I have taught school in North Carolina for eight years and have never had a state legislator or school board member visit my school or the classrooms of any of my colleagues. How do they know what it is like in our varied and diverse classrooms?

The only detail this group of “educational leaders” worries about is a single percentage. As a teacher, I know that merely teaching with a specific test in mind is limiting and prohibits a teacher from exploring avenues of curiosity generated by the students.

Erin Gruwell, the teacher portrayed by Hillary Swank in the movie The Freedom Writer’s Diary, discovered that her high school English students, who were at odds with each other as a result of racial and gang tension, did not even know what the Holocaust was.

Therefore, she spent an entire year exposing them to the literature, history, and individuals of the Holocaust. Because there was no specific test forcing her to speedily cover a litany of possible test questions, she was able to focus on an issue that related to her students’ tumultuous lives and use the concept of extreme prejudice to encourage a departure from their environment of hate. She accomplished her goal while having them read and analyze literature as well as write and publish their journals.
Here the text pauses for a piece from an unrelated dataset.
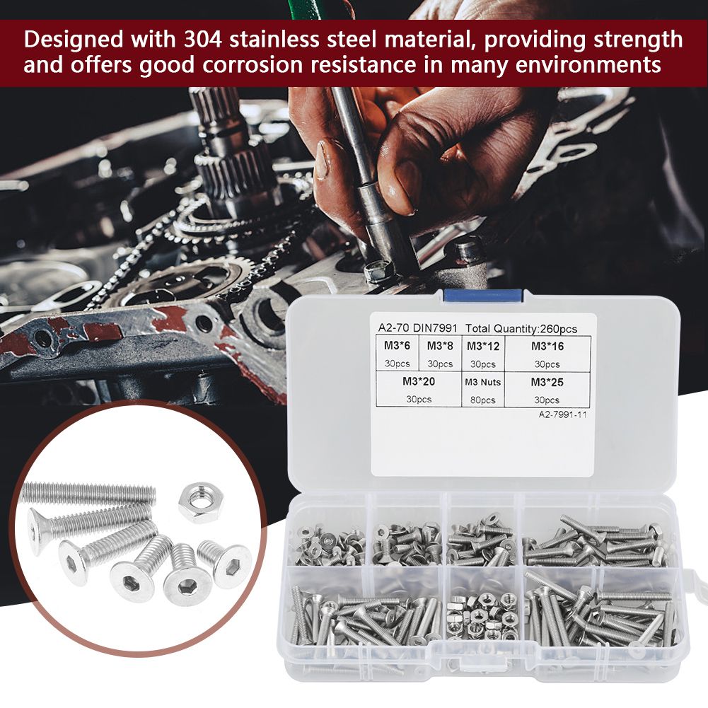 Package Includes: 1 x 260pcs /set screws with box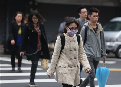 受到大陸冷氣團南下影響,北部及東北部天氣一早就明顯轉濕冷,通勤的民眾紛紛穿上厚重的衣物禦寒。圖/中央社

Such success is an example of the learning and growing that is possible in our classrooms when the details of how a teacher must meet curriculum goals is determined not by people sitting at a conference table across town but by the students sitting in the classroom and the teacher who is guiding them.

Why can’t the state trust the teachers, to whom they have granted a license, to determine if students have mastered a subject and also have faith that the school administrators will be fully aware if a teacher is not meeting high performance levels?

Given the amount of time and extra money it took our state legislators to pass the budget, I guess it is a good thing we don’t make them take an “end of session” test and publish their individual scores in the newspaper!